Mamy rock 1974 - Dylan w pelnym rozkwicie, po raczkowaniu sa zespoly takie jak Led Zeppelin, Yes, Queen, czlonkowie The Beatles pokazali co potrafia. Neil Young to rock-folk amerykanski, czesto z przezwiskiem 'drugi po Dylanie'. Faktycznie, plyta 'On The Beach' stoi gdzies posrodku pomiedzy The Beatles i Bobem Dylanem. Skojarzenie zarowno wokalu jak i sposobu myslenia o piosenkach narzuca sie samo.
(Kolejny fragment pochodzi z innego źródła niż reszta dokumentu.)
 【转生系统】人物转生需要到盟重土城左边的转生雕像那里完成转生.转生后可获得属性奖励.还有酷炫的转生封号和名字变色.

Plyta nie jest dluga, ma ledwie 8 utworow, z ktorych chyba 2 sa zdecydowanie dluzsze - ponad 6 minut. Przewaza delikatny i balladowy klimat ale jest i lekkie rockowanie, jak to u Neila. Artysta zdaje sie byc zrelaksowany, pewny siebie i z muza na ramieniu. 'On The Beach' to dobry wstep by rozpoczac przygode z Neilem Youngiem. Tyle tylko, ze ten rodzaj obrazowania traci juz nieco myszka. Stad propozycja raczej tylko dla entuzjastow staroci. Mi sie podoba :-) Acha, bym zapomnial - plyta ma dobre review w swiecie - np. najwyzsza ocena na AMG i czesto lapie sie na listach typu '50 Najlepszych Plyt Ever' :-) Ryzyko porazki przy zakupie zatem niewielkie.
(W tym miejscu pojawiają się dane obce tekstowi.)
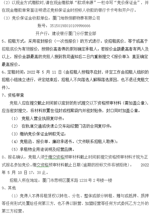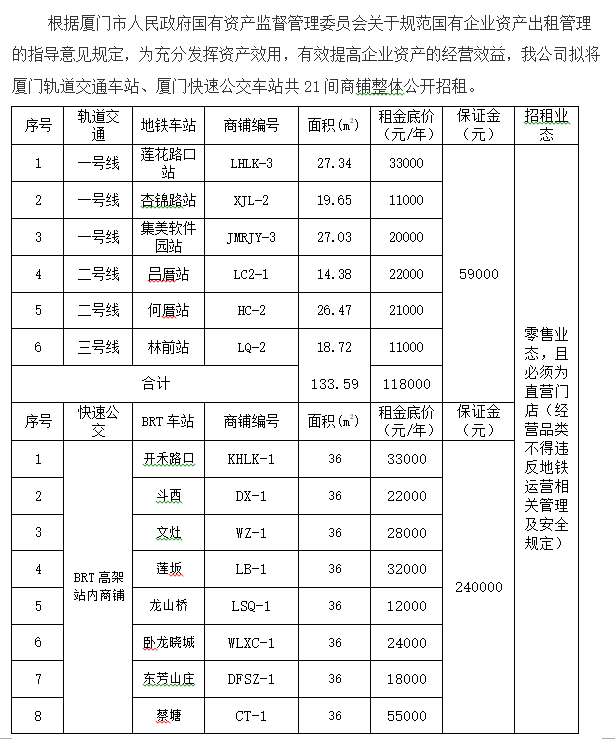 厦门轨道交通车站、厦门快速公交车站共21间商铺整体公开招租公告

Fine Young Cannibals - Raw & the Cooked

Fine Young Cannibals wydali ledwie dwie plyty a mimo to przeszli do historii. Kto nie zna piosenki ‘She Drives Me Crazy’? ‘Raw and the Cooked’ to typowy album typu ‘hits only’ i pewnie wiele osob sluchajac zastanawia sie, czy to aby nie skladanka GH. Piosenka za piosenka wysypuja sie jak perelki. Perelki bo 10 sztuk miesci sie w 35 minutach. Wysoki, z natury dedykowany muzyce soul glos Rolanda Gifta (czlowiek jest szalenie podobny do pewnego angielskiego aktora o tym samym imieniu i nazwisku) w polaczeniu z elektronicznym tlem typowym dla lat 80-tych to material na kicz. Jednak jakosc melodyjnych kompozycji i nadzwyczaj zgrabna aranzacja przesuwaja ocene w kierunku ‘arcydzielo’. Dobrze takze zrobilo lekkie zdystansowanie sie od czysto sztucznego brzmienia i dodanie ekscytujacych riffow gitarowych czy sekcji detej, bez znaczenia czy wygenerowanej elektronicznie czy tez nie. Modne, nowoczesne jak na swe lata ubranko tak intensywnie lsni, ze ewidentne zapozyczenia soulowe przywolujace lata 60-te sa trudne do uswiadomienia a przeciez wlasnie one stanowia o niezwyklosci tego albumu. Typowe ‘trzeba miec’ dla ludzi lubiacych lekka muzyke taneczna a przy tym swietny material na prezent, ktory z pewnoscia sie spodoba.

Depeche Mode - Music for the Masses - wydanie kolekcjonerskie

To była kolejna przełomowa płyta w historii Depeche Mode, ale w tym przypadku nie chcę się skupiać na samej płycie, bardziej mi chodzi o odniesienie się do wydania kolekcjonerskiego DVD ze zremasterowanymi ściżkami płyty w stereo, DD5:1 i DTS. Obowiązkowa pozycja dla każdego kolekcjonera, jest tutaj film z materiałami archiwalnymi z tamtego okresu, opnie o płycie jej twórców - można obejrzeć, ale bez eksytacji, clue płyty to dżwięk....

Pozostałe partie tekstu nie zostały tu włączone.